§ TASK OBJECTIVE: In the data below, begin at the line with "Effects of AM" and stop after the line with "DHARWAD —Veterinarians from"; output those lines exactly and no pictures.

[Extracted records]
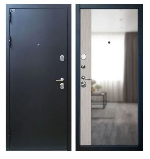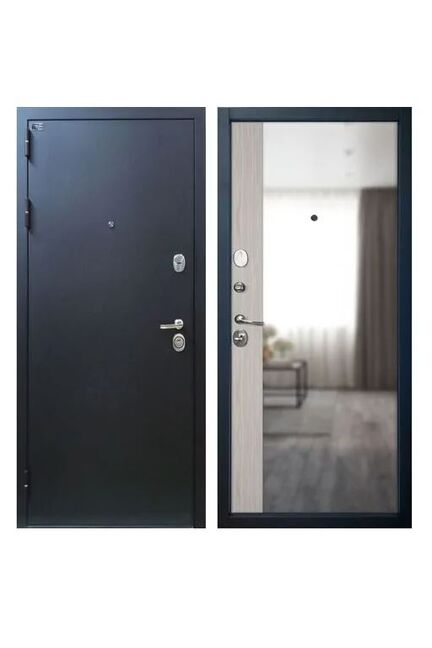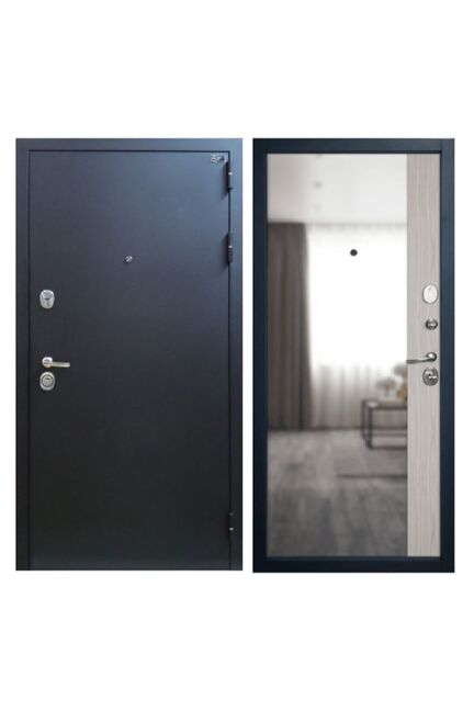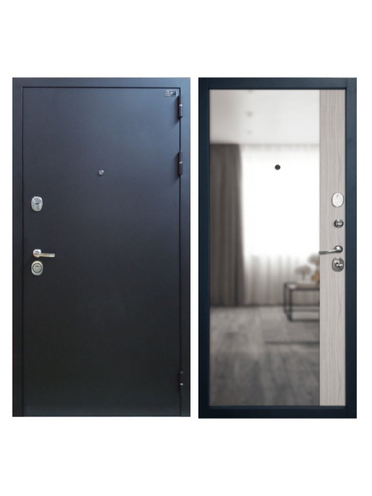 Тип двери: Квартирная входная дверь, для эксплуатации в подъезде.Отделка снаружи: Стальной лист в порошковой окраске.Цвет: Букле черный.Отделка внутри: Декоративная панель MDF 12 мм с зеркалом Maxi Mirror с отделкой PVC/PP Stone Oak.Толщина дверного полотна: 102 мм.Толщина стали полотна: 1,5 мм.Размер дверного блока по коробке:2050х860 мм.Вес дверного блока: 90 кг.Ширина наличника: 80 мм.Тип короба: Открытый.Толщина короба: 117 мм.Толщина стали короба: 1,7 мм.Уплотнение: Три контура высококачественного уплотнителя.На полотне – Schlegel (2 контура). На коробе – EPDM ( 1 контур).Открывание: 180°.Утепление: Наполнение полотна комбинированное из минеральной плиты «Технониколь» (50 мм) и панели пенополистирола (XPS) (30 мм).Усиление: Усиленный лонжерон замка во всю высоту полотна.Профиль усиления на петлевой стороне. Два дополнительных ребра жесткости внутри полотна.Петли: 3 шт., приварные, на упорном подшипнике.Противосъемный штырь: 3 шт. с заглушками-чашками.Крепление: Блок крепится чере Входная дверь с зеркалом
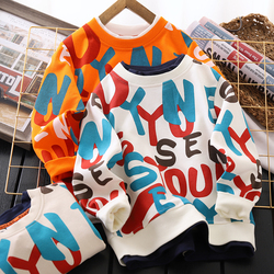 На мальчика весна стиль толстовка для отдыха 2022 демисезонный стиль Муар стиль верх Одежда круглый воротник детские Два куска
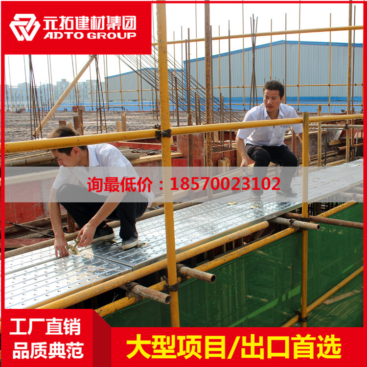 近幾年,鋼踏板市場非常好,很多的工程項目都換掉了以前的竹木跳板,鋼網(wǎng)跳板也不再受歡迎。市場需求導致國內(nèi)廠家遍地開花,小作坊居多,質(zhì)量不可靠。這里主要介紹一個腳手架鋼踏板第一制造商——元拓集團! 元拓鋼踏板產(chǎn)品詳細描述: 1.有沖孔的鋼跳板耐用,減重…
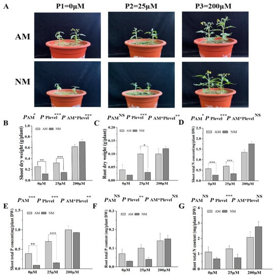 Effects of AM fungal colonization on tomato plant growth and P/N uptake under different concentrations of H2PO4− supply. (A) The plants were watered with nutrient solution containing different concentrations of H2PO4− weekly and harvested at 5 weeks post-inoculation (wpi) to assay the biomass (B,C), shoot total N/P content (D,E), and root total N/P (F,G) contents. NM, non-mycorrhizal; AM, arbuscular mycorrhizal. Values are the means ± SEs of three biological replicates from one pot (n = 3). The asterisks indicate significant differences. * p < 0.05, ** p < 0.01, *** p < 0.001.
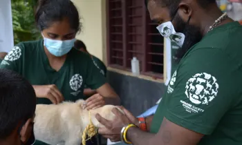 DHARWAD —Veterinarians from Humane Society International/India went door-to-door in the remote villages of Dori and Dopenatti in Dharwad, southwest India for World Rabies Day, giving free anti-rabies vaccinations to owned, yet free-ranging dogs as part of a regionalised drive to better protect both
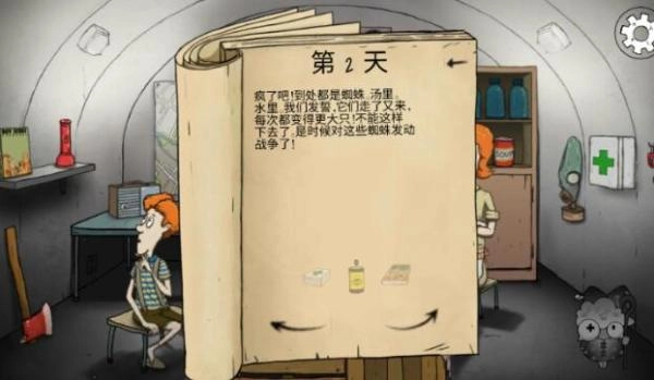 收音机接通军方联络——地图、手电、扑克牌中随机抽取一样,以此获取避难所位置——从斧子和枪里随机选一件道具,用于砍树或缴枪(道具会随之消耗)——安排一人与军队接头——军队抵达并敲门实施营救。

§ ANSWER TO THIS EXERCISE:
 Effects of AM fungal colonization on tomato plant growth and P/N uptake under different concentrations of H2PO4− supply. (A) The plants were watered with nutrient solution containing different concentrations of H2PO4− weekly and harvested at 5 weeks post-inoculation (wpi) to assay the biomass (B,C), shoot total N/P content (D,E), and root total N/P (F,G) contents. NM, non-mycorrhizal; AM, arbuscular mycorrhizal. Values are the means ± SEs of three biological replicates from one pot (n = 3). The asterisks indicate significant differences. * p < 0.05, ** p < 0.01, *** p < 0.001.
 DHARWAD —Veterinarians from Humane Society International/India went door-to-door in the remote villages of Dori and Dopenatti in Dharwad, southwest India for World Rabies Day, giving free anti-rabies vaccinations to owned, yet free-ranging dogs as part of a regionalised drive to better protect both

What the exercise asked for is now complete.